Both gas and liquid flows can be measured in volumetric or mass flow rates. With non-compressible liquids these two measurements are very nearly the same sans the effects of temperature. With compressible gasses though, they are very different. The same mass under different pressures will occupy dissimilar volumes.
To demonstrate this, take a folded fluffy comforter and weigh it. Then stuff into one of those storage bags that you suck down with a vacuum cleaner. The physical size becomes very much smaller but the weight (mass) stays the same.
When measuring a flow of a compressible gas through a pipe you are measuring volumetric flow. Unlike non-compressible liquids, it is of little value unless it is converted to mass flow which would be dictated by the pressure it is under. For example the utility company charges by the cubic foot of natural gas and gallons for water. With water you actually get a gallon as measured by the meter. With gas though, the mass you receive depends on pressure it is under.
To effectively measure gas flows, their volumetric flow rate has to be converted to standard conditions for temperature and pressure. Simply put, it is the volume it would occupy at atmospheric pressure (14.7 psi) and defined as standard cubic feet per minute (SCFM).
Convert flow from CFM to SCFM
Qg = Q x P/14.7
Qg=Gas flow in standard cubic feet per minute (SCFM)
Q=Volume flow rate in cubic feet per minute (CFM)
P=Line pressure absolute (gage pressure +14.7).

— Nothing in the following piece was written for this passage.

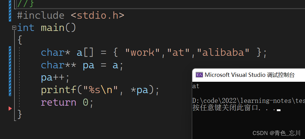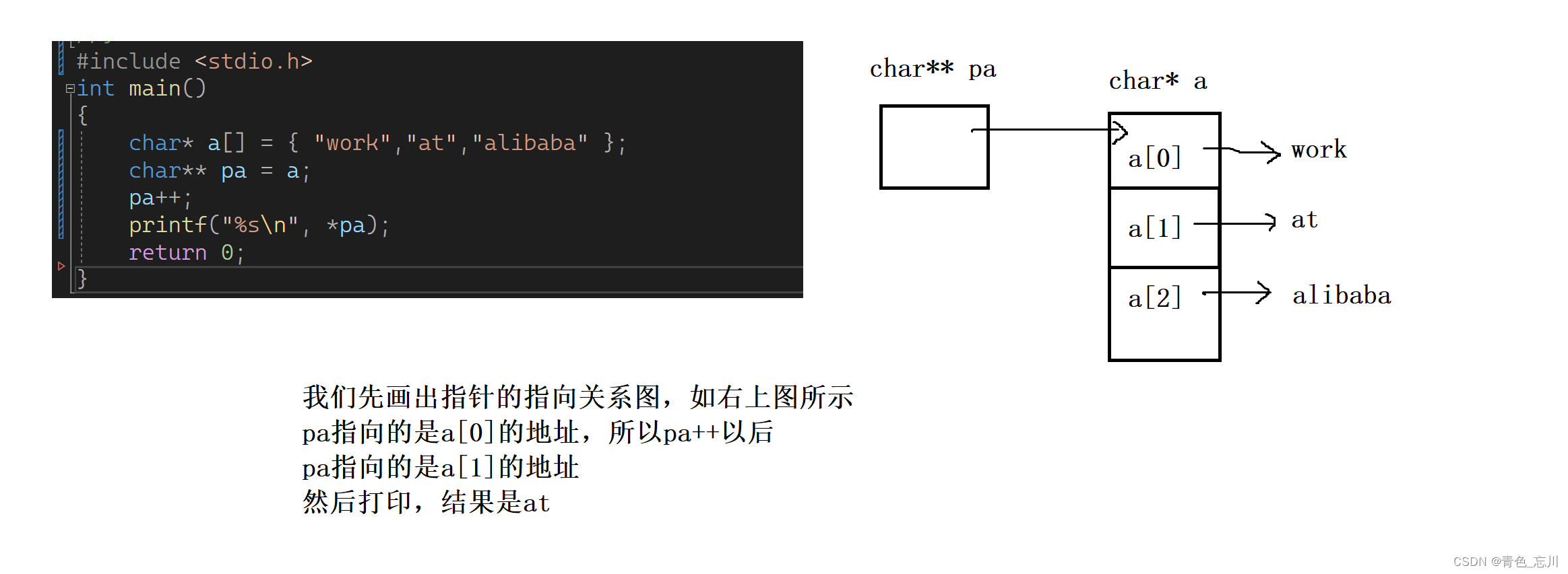{char* a[] = { "work","at","alibaba" };char** pa = a;pa++;printf("%s\n", *pa);return 0;

Example: Convert gas flow expressed in cubic feet per minute (CFM) to units of standard cubic feet per minute (SCFM).
Q = 20 CFM
P = 114.7 (100 psi gage reading +14.7)
Qg = Q x P/14.7 = 20 CFM x 114.7/ 14.7 = 156 SCFM
Flow meters used to measure gasses usually are calibrated for readings at atmospheric pressure. When the flow is under pressure, they provide a chart of factors associated with various pressures to multiply against the visual reading.